= Michael F. Good =

Australian doctor

Michael F. Good was the Director of the Queensland Institute of Medical Research, from 2000 to 2010. He was Chair of the National Health and Medical Research Council.

He graduated from the Queensland University Medical School in 1978. He later undertook further training in medical research at the Walter and Eliza Hall Institute of Medical Research in Melbourne.

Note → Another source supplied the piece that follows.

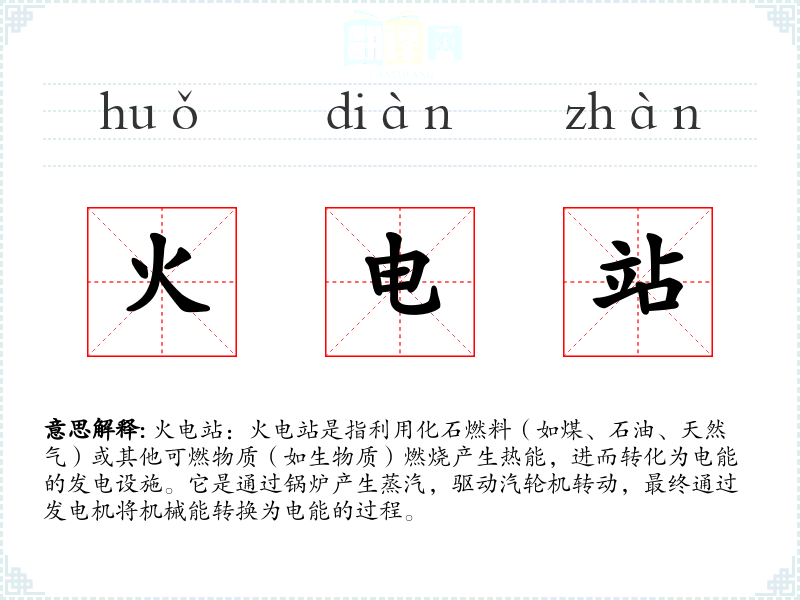 - 词源:火电站一词源于对发电方式的描述,即通过燃烧产生热能并转化为电能。

Postdoctoral training was as a visiting scientist at the National Institutes of Health in Bethesda, Maryland. His research interests are in the field of immunity and immunopathogenesis to malaria and group A streptococcus/rheumatic fever, and particularly to the development of vaccines.

Professor Michael Good was appointed Director of the Queensland Institute of Medical Research in 2000.

Since 2006 he was chairperson of the National Health and Medical Research Council. Professor Good is a past president of the Association of Australian Medical Research Institutes and past director of the Cooperative Research Centre for Vaccine Technology.

He is an editor of several scientific journals and an author of more than 250 peer-reviewed publications.

In 2008 Good was awarded an Order of Australia for his services to medical research and in 2009 he received the Eureka Prize for Leadership.

In 2010, Good was a recipient of the Queensland Greats Awards.

Good was elected Fellow of the Australian Academy of Health and Medical Sciences (FAHMS) in 2015.